Week 1: Unity in the Gospel

  • Primary Texts: 1 Corinthians (overview), Acts 18, 2 Timothy 3:16–17
  • Warm-Up Question:
    • Have you ever jumped into the middle of a movie or series and felt completely lost? How did missing the beginning affect your understanding?
  • BIG IDEA
    • First Corinthians reminds us that the church is called to be formed by Scripture, not shaped by culture.  When the church drifts, God lovingly calls His people to wake up, pursue unity over preference, holiness over hype, and love as the more excellent way.
  • DISCUSSION QUESTIONS
    • Understanding Context
      • Why does it matter that the Bible was written for us, but not directly to us?
      • How can knowing the background of Corinth help us better understand Paul’s tone and urgency in this letter?
      • Flip through 1 Corinthians, taking note of the chapter and paragraph headers.  Which topics are you most excited to learn about?  Which ones do you think will be most controversial?  Why?
    • The Man Behind the Letter
      • How does Paul’s story—from persecutor to pastor—shape the way you hear his words to Corinth?
      • Why is it significant that Paul writes this letter not from comfort, but from suffering and faithfulness?
    • A Church Influenced by Its City
      • Corinth was wealthy, influential, and morally confused.  Where do you see similarities between Corinth and our culture today?
      • In what ways can a church today subtly begin to look more like the culture than like Christ?
    • Unity, Preference, and Drift
      • Why do preferences (style, personalities, methods) so easily become sources of division in the church?
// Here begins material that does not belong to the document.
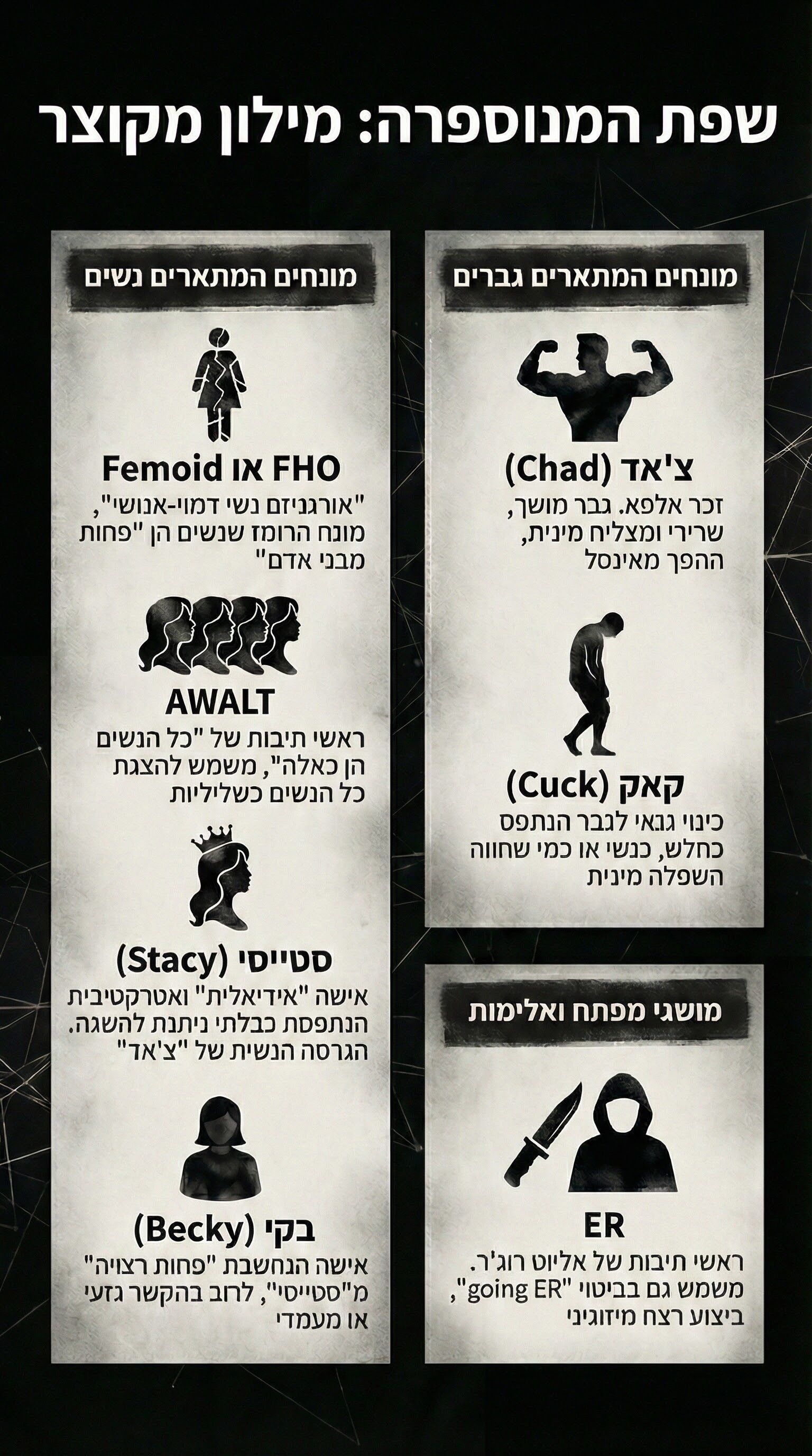 למדינת ישראל יש אולי רקורד נקי ממה שנקרא טרור אינסלי, אבל יש לה גם גיליון הרשעות עקוב מדם של אלימות כלפינשים. אחרי שנתיים של מלחמה, יש בה גם הרבה מאוד גברים צעירים עם נפש פצועה שמרגישים ש"אף אחד לא מבין אותי" – סנטימנט שמוזכר שוב ושוב בהקשר של פוסט-טראומה צבאית, וגם – להבדיל המון הבדלות – בהקשר של אותה תחושת בדידות ששולחת גברים צעירים לחפש תשובות במקומות הלא נכונים. ובעוד שהבריטים מלמדים בבתי ספר איך להיזהר מהחרא הזה, בארץ אפילו לא שמעו על המנוספרה.

      • Paul confronts factions built around leaders instead of Christ.  What modern equivalents of “I follow Paul” or “I follow Apollos” do we see today?
    • Looking in the Mirror
      • The sermon said that reading 1 Corinthians is like looking in a mirror.  What areas of church life—or personal faith—might God want to lovingly correct in you?
      • How does being “sanctified in Christ” give both confidence and responsibility in how we live?
  • LIVING IT OUT
    • Personal Reflection:
      • This week, ask God to show you one area where culture may be shaping your thinking more than Scripture.
    • Prayer Prompt:
      • Pray for unity in your church—specifically that love would outweigh preference and humility would guide conversations.